Según el breve comunicado difundido por el tribunal, las objeciones planteadas por el juez de Turín fueron consideradas en parte “infundadas” y en parte “inadmisibles”.

La noticia cayó como un balde de agua fría entre quienes esperaban que la Corte frenara la reforma impulsada por el gobierno italiano. Para muchos juristas, la ley Tajani presenta serios problemas de constitucionalidad, especialmente por su efecto retroactivo sobre personas que, bajo el régimen anterior, eran consideradas ciudadanos italianos desde su nacimiento.

Durante la audiencia del 11 de marzo, los argumentos presentados contra la ley fueron sólidos y elaborados. La defensa de la inconstitucionalidad de la norma fue extensa y técnicamente consistente. En cambio, la defensa del Estado italiano resultó, según varios observadores, mucho más débil.

Por eso sorprendió aún más el resultado.

Pero lo que más llamó la atención fue la velocidad del anuncio. El comunicado de la Corte llegó en tiempo récord, apenas 24 horas después de la audiencia. Esto inevitablemente abre interrogantes: ¿a quién estaba dirigido ese mensaje? ¿A los llamados “excluidos” del sistema Tajani, personas que hasta ayer eran consideradas italianas y que ahora desean defender sus derechos ante la justicia? ¿O quizás a los jueces que habían comenzado a cuestionar la ley, marcando así una señal institucional clara frente a nuevas remisiones de inconstitucionalidad?

Y ese comunicado, además, no es la sentencia.

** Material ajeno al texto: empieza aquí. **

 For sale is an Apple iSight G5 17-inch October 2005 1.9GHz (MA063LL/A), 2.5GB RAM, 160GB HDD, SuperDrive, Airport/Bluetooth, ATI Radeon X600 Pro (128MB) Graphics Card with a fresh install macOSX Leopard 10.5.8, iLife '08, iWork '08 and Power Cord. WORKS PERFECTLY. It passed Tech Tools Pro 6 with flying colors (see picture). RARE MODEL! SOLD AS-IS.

Lo que la Corte difundió es apenas un adelanto del resultado. No contiene la motivación jurídica completa de la decisión.

En otras palabras: conocemos el final del primer acto, pero todavía no sabemos cómo se llegó a él.

La situación recuerda inevitablemente a una imagen literaria de Julio Cortázar en Rayuela: entrar a un teatro cuando la obra ya empezó y tener que imaginar lo que ocurrió antes. Aquí sucede algo parecido. Sabemos cómo termina esta primera escena, pero no conocemos el desarrollo completo de la trama.

Ese vacío ha generado un fenómeno casi inevitable: una proliferación de interpretaciones. Juristas, comentaristas y ciudadanos intentan reconstruir el razonamiento de la Corte a partir de unas pocas líneas. Se activa así, casi de manera natural, ese “lector activo” del que hablaba Julio Cortázar: aquel que, frente a un texto incompleto, intenta llenar los silencios del relato que no ha podido leer.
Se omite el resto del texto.